Погребальная похоть - Блиденберг Саид. Страница 74
— Ах, козлик, опять ты думаешь, что мне будет по силам жить без тебя? Может и будет, но не думаю, что это станет стоящим времяпровождением. И только не говори, что мне поможет состоявшийся мужчина с большой квартирой и машиной, охуенной работой и планами создавать семью. Я никогда не хотела быть частичкой этого. А целые годы напролёт утопать в разврате с наркоманами тоже не лучше. Весело, наверное, но ведь надоест рано или поздно. И что тогда? Если уже насытишься всем, и стремиться некуда, и ничего не хочется вообще? Ради какого искусства или самовыражения выживать, и стоит ли оно того? Ой, даже думать не хочу. Юзернейм, я люблю тебя, это впервые в моей жизни – и это взаимно, это сильно и чисто, это попало в яблочко. Я чувствую, что это точно так, как должно быть! И такое больше ни с кем не сможет повториться. Может, тебе кто-то и нравился, и было грустно сознавать, что любовь невозможна – но у меня с тобой сейчас всё супер. Даже если ты хочешь перечеркнуть целые годы нашей любви – это не имеет значения теперь. Тебе неловко осознать, что я твоя вещь?
— Да... Наверное, я так и не смогу привыкнуть.
— За это мои чувства расцветают ещё сильнее...
Они затянулись.
— Я не хотел бы перечёркивать нашу любовь. Я вообще не ожидал, что она вдруг случится, и не намеревался ничего такого начинать. Я только лишь не хочу, чтоб мне исполнилось двадцать девять. Не хочу стареть. Не хочу терпеть и превозмогать больное сердце, печень, почки, зубы, интеллектуальный спад, трудности в изъяснении элементарных мыслей. Я не хочу лечиться и работать. Не хочу лгать людям, скрывая свою постыдную биографию. Мне отвратительна эта цивилизация. Мне всё безразлично. С меня довольно.

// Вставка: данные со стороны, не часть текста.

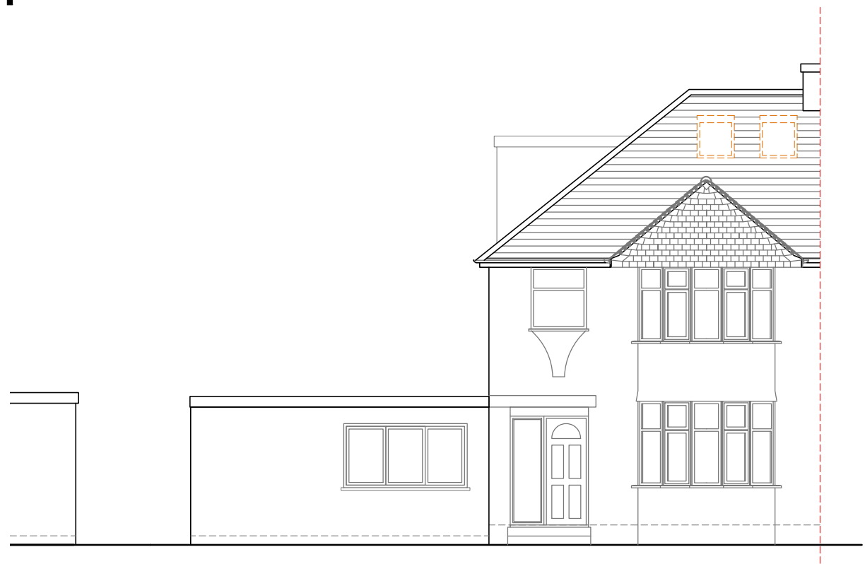
PROPOSED FRONT ELEVATION SCALE: 1:100

Scale - 1:100 This drawing is the property of Orb Property Planning Ltd and may not be reproduced, loaned or copied, in part or in full, without the prior written consent of Orb Property Planning Ltd. This drawing is not for construction purposes, unless otherwise stated. The Contractor is responsible for checking all dimensions before any work starts or any materials are ordered. Any discrepancies must be brought to the attention of Orb Property Planning Ltd immediately.

— Но ты можешь жить у меня!
— Это, конечно, соблазнительно, но я не могу жить у вас. Хотя бы потому, что это я бы предпочёл быть хозяином жизни и содержать вас – лично вы ведь, кстати, пока ничего ещё не заработали... Даже если вы и могли бы мне чем-то помочь, я бы всё равно отказался. Я же не шутки шучу, и мосты не просто так сжигал... Вы всегда, каждую секунду нашей связи прекрасно чувствовали страшную правду, что я в любой момент легко позволю вам уйти – хоть и мне будет грустно, но ещё больше – мне будет всё равно. Ибо никакого меня нет. Я давным давно исчерпал себя как личность, потерял стремления и желания. Но остался почему-то лишь неубитой и слепой, автоматической способностью чувствовать, а также идентифицировать себя, пользоваться местоимениями. И вот это "оно" и любит вас. И Кристину. И вашу мать. И всех девочек, слушающих депрессивно-суицидальный блэк... Что же это такое, Света? Что я есть? Может, какое-то добро в оболочке зла? Или наоборот? А есть ли разница?... Я люблю вас, Света. А любовь невозможна. Это всё большая иллюзия. Я хочу умереть. Я должен умереть. Полностью.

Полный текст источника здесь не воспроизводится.